◆ Dataset extract

Start of Block

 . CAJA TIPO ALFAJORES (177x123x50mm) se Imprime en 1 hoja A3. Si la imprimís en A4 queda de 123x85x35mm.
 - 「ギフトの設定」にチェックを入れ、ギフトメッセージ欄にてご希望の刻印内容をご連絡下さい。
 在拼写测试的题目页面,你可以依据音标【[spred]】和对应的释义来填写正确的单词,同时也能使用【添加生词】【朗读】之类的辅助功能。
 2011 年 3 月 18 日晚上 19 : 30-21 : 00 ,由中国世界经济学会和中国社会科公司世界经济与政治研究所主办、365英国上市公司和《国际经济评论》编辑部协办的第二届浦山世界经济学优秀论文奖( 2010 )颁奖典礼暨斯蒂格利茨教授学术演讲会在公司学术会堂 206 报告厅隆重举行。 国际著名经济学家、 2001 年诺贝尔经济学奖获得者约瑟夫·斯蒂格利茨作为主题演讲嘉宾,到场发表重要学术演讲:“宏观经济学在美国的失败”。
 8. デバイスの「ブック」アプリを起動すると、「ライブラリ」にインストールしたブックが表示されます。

End of Block
Start of Block

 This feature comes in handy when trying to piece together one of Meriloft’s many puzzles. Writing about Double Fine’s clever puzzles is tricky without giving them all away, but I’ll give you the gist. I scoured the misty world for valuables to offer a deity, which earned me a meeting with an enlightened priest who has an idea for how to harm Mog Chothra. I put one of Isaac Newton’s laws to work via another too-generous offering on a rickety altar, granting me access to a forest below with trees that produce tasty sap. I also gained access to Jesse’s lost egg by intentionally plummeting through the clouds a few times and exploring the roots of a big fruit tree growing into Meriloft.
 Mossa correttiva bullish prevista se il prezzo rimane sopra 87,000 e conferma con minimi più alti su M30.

End of Block

◆ Instructions to follow
Your answer must consist solely of the lines above between the line holding "queda de 123x85x35mm." and the line holding "在拼写测试的题目页面,你可以", inclusive, copied exactly.

◆ Result of the exercise
 . CAJA TIPO ALFAJORES (177x123x50mm) se Imprime en 1 hoja A3. Si la imprimís en A4 queda de 123x85x35mm.
 - 「ギフトの設定」にチェックを入れ、ギフトメッセージ欄にてご希望の刻印内容をご連絡下さい。
 在拼写测试的题目页面,你可以依据音标【[spred]】和对应的释义来填写正确的单词,同时也能使用【添加生词】【朗读】之类的辅助功能。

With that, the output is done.